* Work request
Look through the data below for the line with "Dopo un breve" and the line with "Elegant pink wrapping", then transcribe exactly from the first through the second, leaving out all pictures.

* Information
◆ ◆ ◆

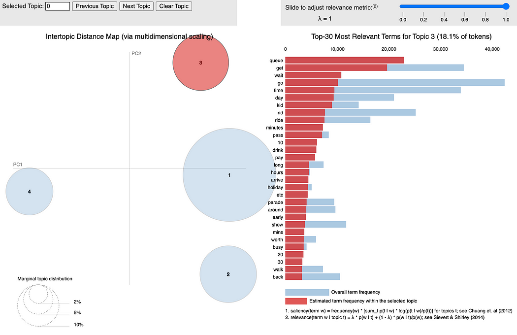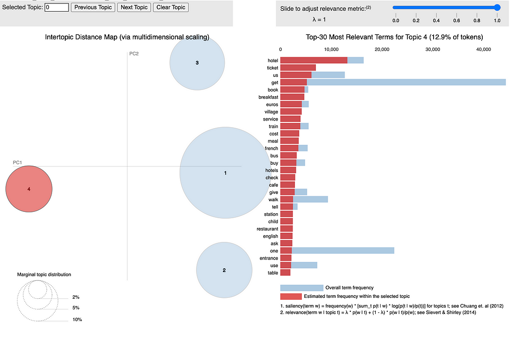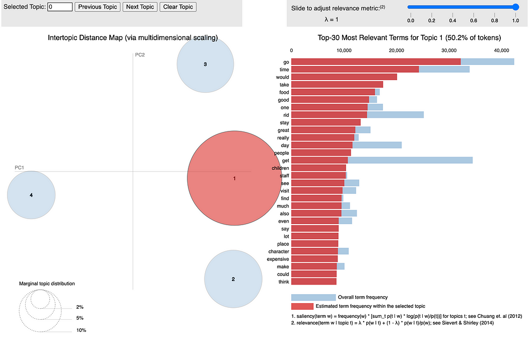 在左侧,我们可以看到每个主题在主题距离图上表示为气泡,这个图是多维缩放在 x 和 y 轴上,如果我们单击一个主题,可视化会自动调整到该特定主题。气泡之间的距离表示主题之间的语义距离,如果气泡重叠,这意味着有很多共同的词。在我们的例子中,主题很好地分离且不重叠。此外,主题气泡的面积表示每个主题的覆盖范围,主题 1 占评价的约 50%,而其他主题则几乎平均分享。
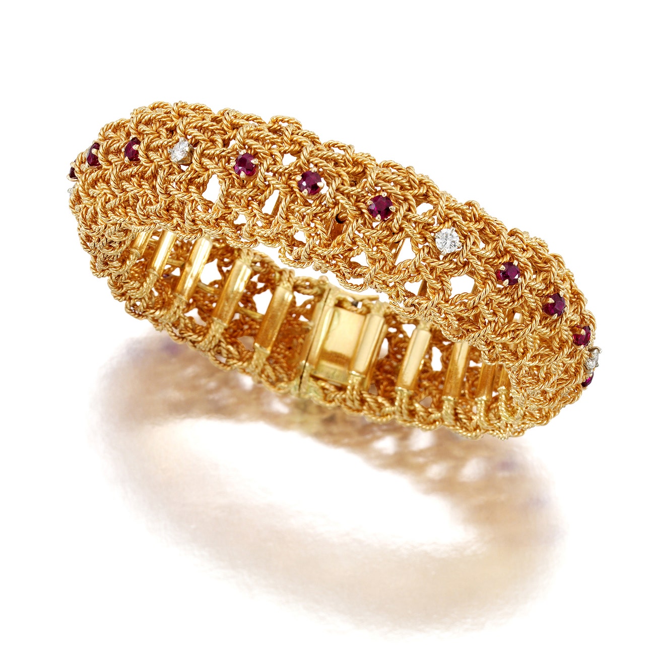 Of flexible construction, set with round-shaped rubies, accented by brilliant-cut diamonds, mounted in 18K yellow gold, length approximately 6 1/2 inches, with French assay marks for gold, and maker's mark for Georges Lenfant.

◆ ◆ ◆

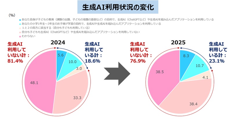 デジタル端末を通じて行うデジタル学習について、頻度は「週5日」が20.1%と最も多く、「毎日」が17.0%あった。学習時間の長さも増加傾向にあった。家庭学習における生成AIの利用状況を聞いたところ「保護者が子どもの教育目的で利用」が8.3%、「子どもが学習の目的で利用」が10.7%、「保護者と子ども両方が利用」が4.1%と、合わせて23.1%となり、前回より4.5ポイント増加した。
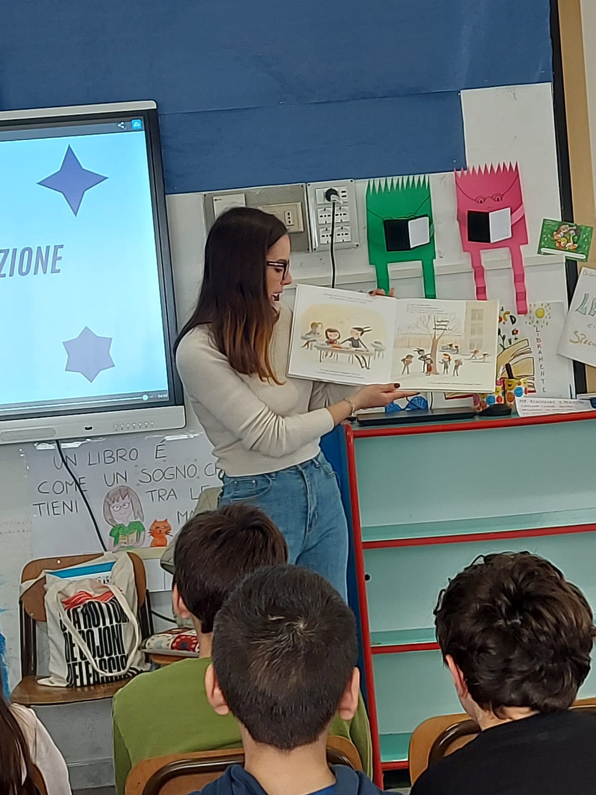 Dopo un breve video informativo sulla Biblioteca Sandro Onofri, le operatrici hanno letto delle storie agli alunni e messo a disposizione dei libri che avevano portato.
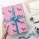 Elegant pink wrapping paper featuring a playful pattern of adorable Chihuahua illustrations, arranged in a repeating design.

◆ ◆ ◆

* Task answer
 Dopo un breve video informativo sulla Biblioteca Sandro Onofri, le operatrici hanno letto delle storie agli alunni e messo a disposizione dei libri che avevano portato.
 Elegant pink wrapping paper featuring a playful pattern of adorable Chihuahua illustrations, arranged in a repeating design.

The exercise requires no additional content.